Notre-Dame de Paris, that masterful symbol of civilization, is gutted. But it can be rebuilt and, thanks to a scientific study conducted 6 years ago, even its acoustic properties can replicated.
In 2013, physicists conducted a detailed study of the acoustics of Notre-Dame as they existed at the time. Phys.org reports:
Six years ago, on April 24, 2013, Brian FG Katz, a Fellow of the Acoustical Society of America and CNRS research director at Sorbonne Université, and colleagues obtained detailed measurements of the acoustics of the main space within Notre Dame. [...]
Measurements were made using a collection of omnidirectional, 3-D (first order ambisonic), and dummy head (binaural) microphones. Several dodecahedron loudspeakers were situated at key positions inside the cathedral, representing either typical source positions or those measurement positions of a series of measurements carried out by the same lab in 1987.

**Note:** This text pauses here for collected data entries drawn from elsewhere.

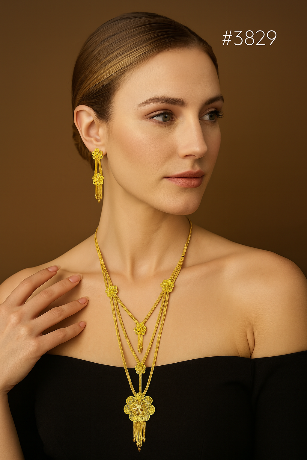 Exclusive Gold Plated Long Necklaces Set, PMJ Model No: 3829
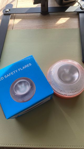 Luz de emergencia LED NO GROLOCALIZABLE. Se disponen de 3 unidades. 5€/unidad - Diseño circular con base naranja. - Cubierta transparente acanalada. - Base inmantada - Tipo baliza de emergencia BASICA
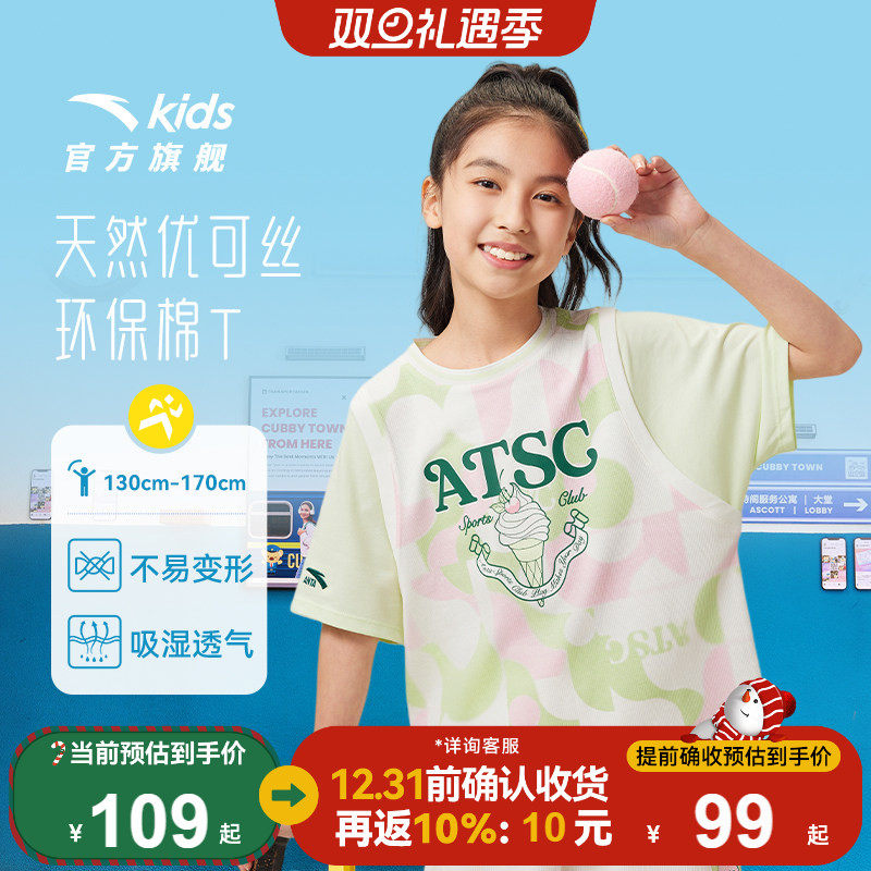 商场同款|安踏儿童短袖T恤女童篮球服2025夏季新款宽松运动上衣潮

Katz explains that the measurements his team took can aid reconstruction efforts:
"It can help during renovation works when considering how the impact of any choices might change the acoustics, such as choice of materials," Katz said. "It's not clear yet what state the interior finishes are in, but the wooden panels and paintings within the cathedral are not at all insignificant when it comes to acoustics. Compared to the raw stone structure, these small elements act as possible acoustic absorption and diffusion and can have significant impacts on the resulting acoustics."